Exactly the lines from the one holding "Pham Binh Minh" through the last line of the listing below must appear in the answer, and no pictures.

++++++++++++++++++++

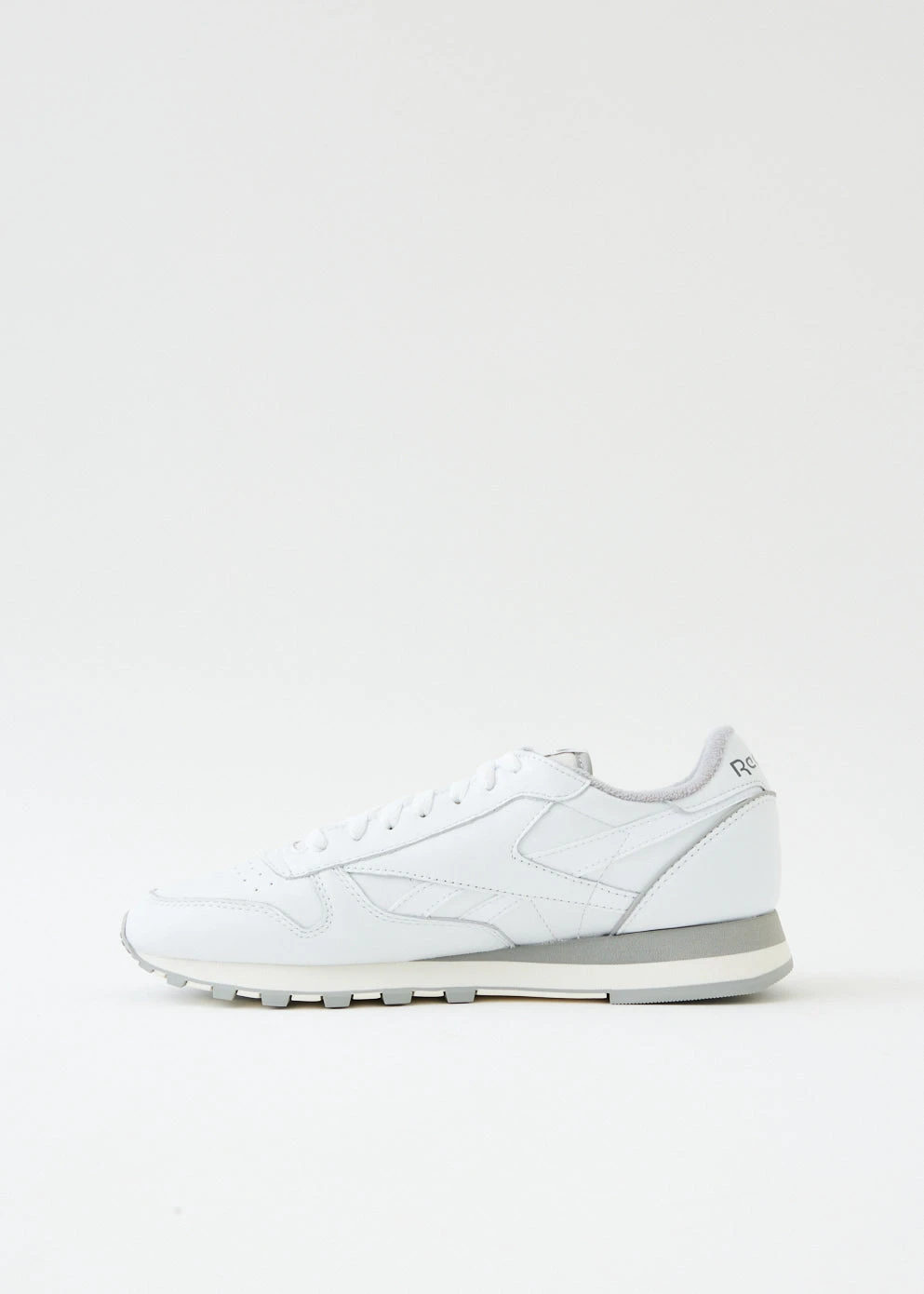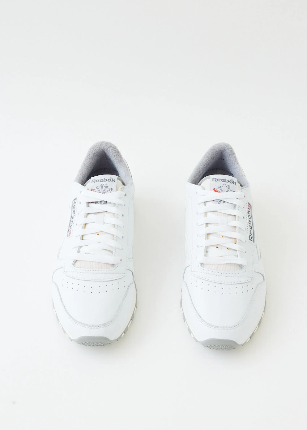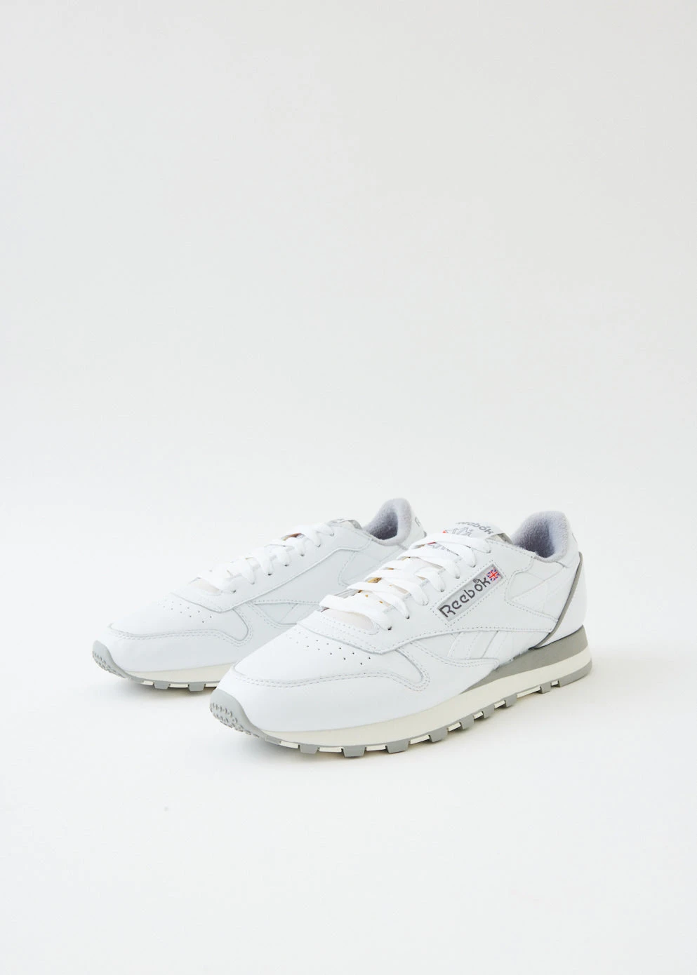 Channeling 80’s tennis court style the Classic Leather 40th Anniversary Sneakers by Reebok are a low-top style featuring tonal stripes on white leather uppers, EVA midsole, Union Jack classic branding and rubber outsole.
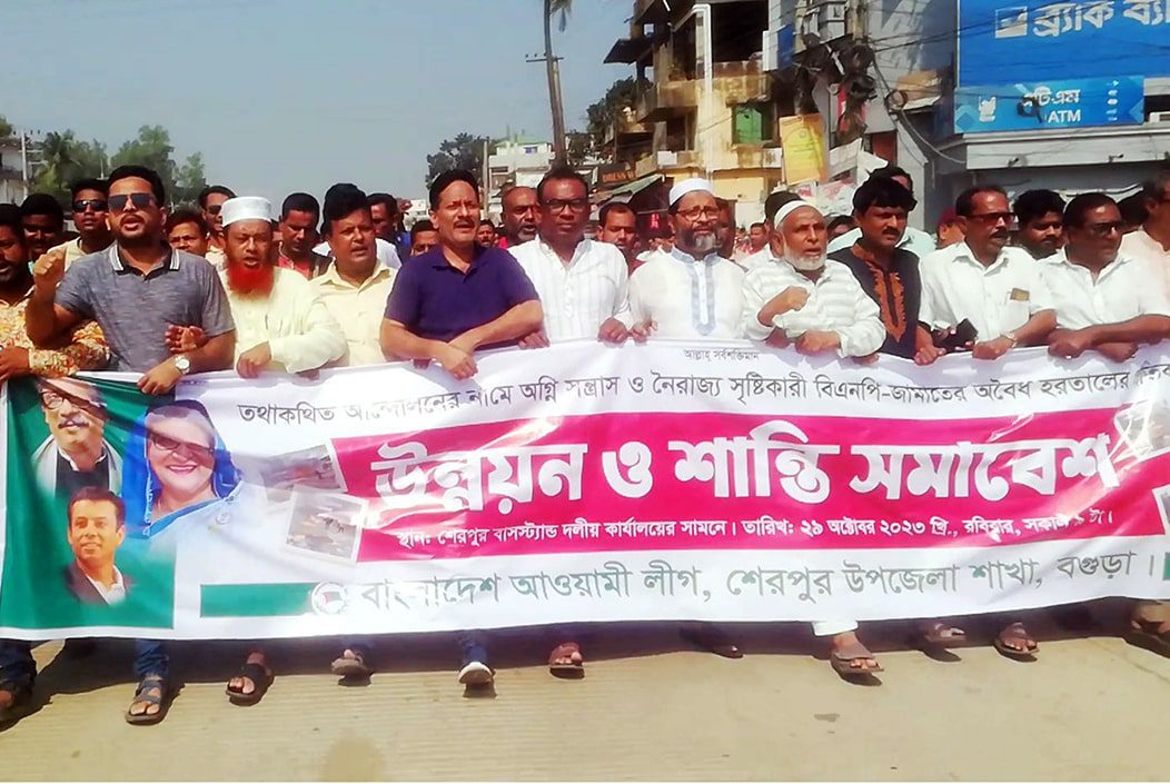 রোববার (২৯ অক্টোবর) বেলা ১১টায় ঢাকা-বগুড়া মহাসড়কে শেরপুরে আওয়ামীলীগ সাধারণ সম্পাদক সুলতান মাহমুদের নেতৃত্বে এবং অন্যদিকে যুবলীগের সভাপতি তারিকুল ইসলাম তারেক ও সাধারণ সম্পাদক মোস্তাফিজার রহমান ভুট্টোর নেতৃত্বে মিছিল বের করা হয়। এ সময় হরতাল বিরোধী মিছিলে অংশ নেওয়া নেতাকর্মীরা বিএনপি জামায়াত বিরোধী বিভিন্ন স্লোগান দিতে থাকে।
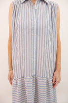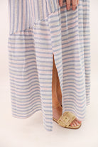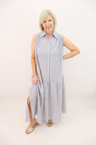 Featuring vertical stripes in soft shades of blue and blush, this sleeveless button-front maxi dress is equal parts classic and effortless. The collared neckline gives it a slightly tailored vibe, while the relaxed drop waist and flowy tiered hemline keep it casual and chic. The subtle side slits add a little movement and just the right amount of sass.
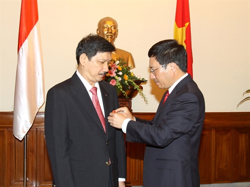 Pham Binh Minh a rendu hommage à l'apport conséquent du diplomate indonésien au développement et à l'approfondissement des relations entre les deux pays en tous domaines, notamment en politique et en défense, en économie, dans l'éducation, la culture...
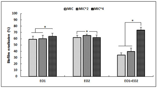 Effects of R. officinalis (EO1) and M. communis (EO2) essential oils and their combination (EO1 + EO2) on the reduction of preformed biofilm of S. aureus ATCC 25923, expressed as eradication percentages (%) and evaluated by the Crystal Violet staining assay. Values are the average of at least three independent determinations. Error bars represent standard deviations. (*) Differences were considered significant at p < 0.05.

++++++++++++++++++++

**YOUR RESPONSE:**
 Pham Binh Minh a rendu hommage à l'apport conséquent du diplomate indonésien au développement et à l'approfondissement des relations entre les deux pays en tous domaines, notamment en politique et en défense, en économie, dans l'éducation, la culture...
 Effects of R. officinalis (EO1) and M. communis (EO2) essential oils and their combination (EO1 + EO2) on the reduction of preformed biofilm of S. aureus ATCC 25923, expressed as eradication percentages (%) and evaluated by the Crystal Violet staining assay. Values are the average of at least three independent determinations. Error bars represent standard deviations. (*) Differences were considered significant at p < 0.05.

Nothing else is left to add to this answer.